Cyriopagopus Lividus (Cobalt Blue) Care Sheet

The Cyriopagopus lividus was one of the first blue tarantulas to hit the hobby scene due to its impressive colouration and feisty attitude. Even with more blue tarantulas catching hobbyists eyes, it remains a popular favourite amongst experienced keepers. They were initially described by Andrew Smith as the Haplopelma Lividus in 1996 but later changed to Cyriopagopus lividus.
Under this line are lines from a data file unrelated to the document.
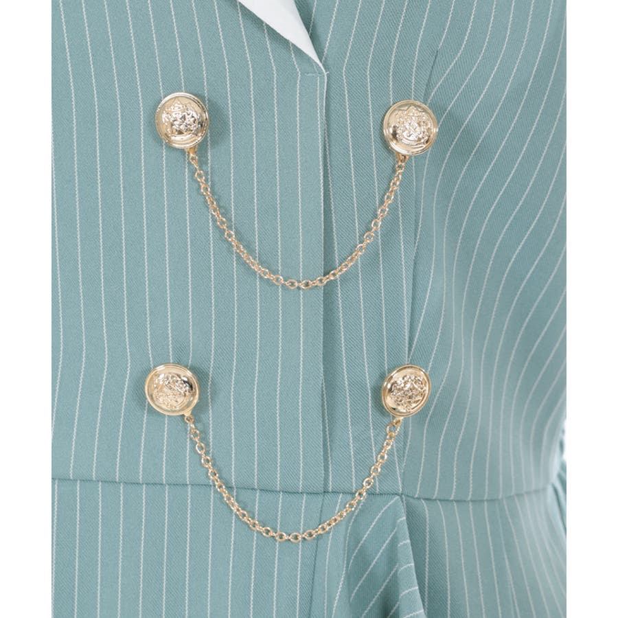 エンブレムボタン×チェーンのデザインは、クラシカルで上品な印象に。
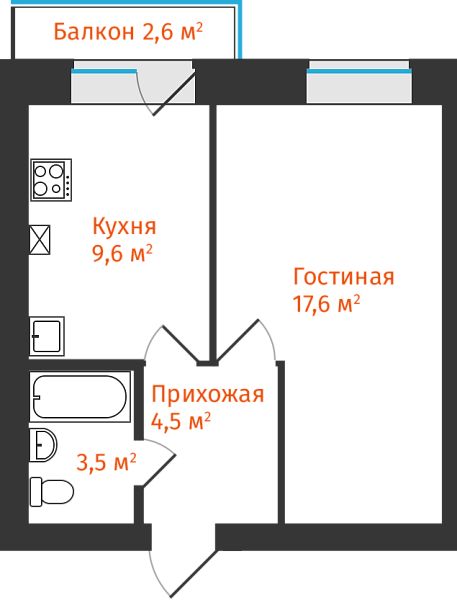 Новая 1-комнатная квартира в ЖК Норские резиденции на 2 этаже площадью 35.82 м² в 1 подъезде номер 7
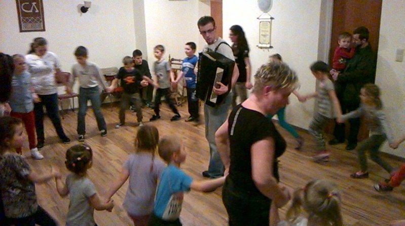 Grupa małych Łastiwczat w dniu dzisiejszym (13-02-2015) weszła na wyższy poziom wtajemniczenia. Dzieci rozpoczęły warsztaty taneczne pod kierownictwem p. Małgorzaty Herbut. W próbach uczestniczą również starsi doświadczeni koledzy, którzy przygrywają maluchom na akordeonie lub skrzypcach.
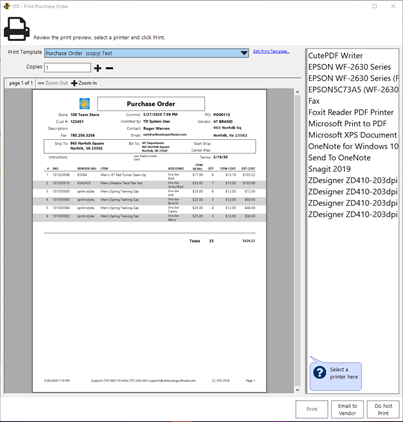 7. Select Email to Vendor: (as a note this feature requires Windows 10 and for the PO to be committed)

Cyriopagopus lividus is a stunning medium-sized tarantula that has iridescent blue colouration with hints of grey on their prosoma and abdomen. Male and females look identical until they hit maturity when males will get more of a brown colouration, while the females remain blue. C.lividus are covered in black hair which can take some of their blue colours away, but under natural or specialised lighting, you get a perfect view of that famous blue.

Common names

Cyriopagopus lividus was previously named Haplopelma lividum, so they are often miscalled this, as well as being called Cyriopagopus lividum.

They are most famously referred to as the Cobalt Blue Tarantula.

Scientific classification

Family: Theraphosidae
Genus: Cyriopagopus
Species: Lividus

Location and availability

C.lividus are spread widely across south-east Asia, being found in Thailand, Myanmar, Laos, Cambodia and Vietnam. Unfortunately, due to deforestation, which has caused a strain on population, their natural habitat is becoming smaller by the day.

In the wild, you can find them in the tropical forest deep in burrows, and only out at night to hunt prey. Tarantulas of the Cyriopagopus genus have been known to be eaten by people; this may be another contributing factor to their drop within the wild. Luckily, they are readily available within the tarantula hobby, meaning it is a lot easier to get your hands on one, as most are captive bred.

Please, if it can be helped, do not buy a wild caught species of any tarantula as this can cause a massive impact on their availability in the wild.


Like all tarantulas, females will live longer than males, with an average lifespan of 15 years, although it has been reported that some females have lived for up to 25 years.

Males typically have a shorter lifespan at around ten years, which is still a long time for a male.


As mentioned previously, they are naturally found in tropical forests; they are a timid, fossorial species, which enjoy deep moist substrate. If housed efficiently, you may not see them unless they’re hungry. Due to their natural habitat, it is advised to keep them around 25.5°-27.8°C with about 70-80% humidity. The size of the enclosure will depend on the size of your tarantula, but you will need a large surface area with deep enough substrate (around 8”) for them to make their tunnels and web up, which is a brilliant sight to see.

Another reason why it’s advised to keep them in a larger enclosure with plenty of space to burrow is that they are extremely fast. Giving them an option to bolt into their hide is much better than giving them the only option to run out. As slings, they are kept like most, on a moist substrate, with the opportunity to burrow.


Set your mind on the attitude of an OBT, then double it and you have the Cyriopagopus lividus. These are an incredibly feisty species with a nasty bite; they are also very swift. As they are an old world species, their venom has a stronger potency compared to a new world species. C.lividus are more likely to hit a threat posture and attempt to bite, rather than flee, and as they don’t have urticating hairs, there won’t be any hair flicking.

Eating habits

Like most slings, they can be fed on Drosophila hydei, small roaches or a pinhead once a week. Once their size has increased, they can be introduced to mealworms and larger prey insects. They are a ravenous species, and will only turn down food when they’re in premoult (in most cases).

Growth rate

The C.lividus is a very fast growing species which will moult often. As they spend the majority of their time in their burrows, it is likely that they will keep the moult in their hide, rather than bringing them out as some species do; this may make it harder to keep track of their moulting cycle. You can expect your cobalt blue to reach maturity within two years if fed correctly and maintained at the correct temperature.

As adults, females typically hit around 5 inches, with males being slightly smaller.


To summarise, yes you should add a Cyriopagpus lividus to your collection if you’re experienced enough. Don’t expect a show tarantula because you won’t be getting one; what you will be getting is a tarantula that will impress you with underground mazes, webbing, and a ‘fight me’ attitude. They are a favourite amongst the majority, and if they’re not a favourite of yours yet, they soon will be. They are the perfect representation of an old world tarantula.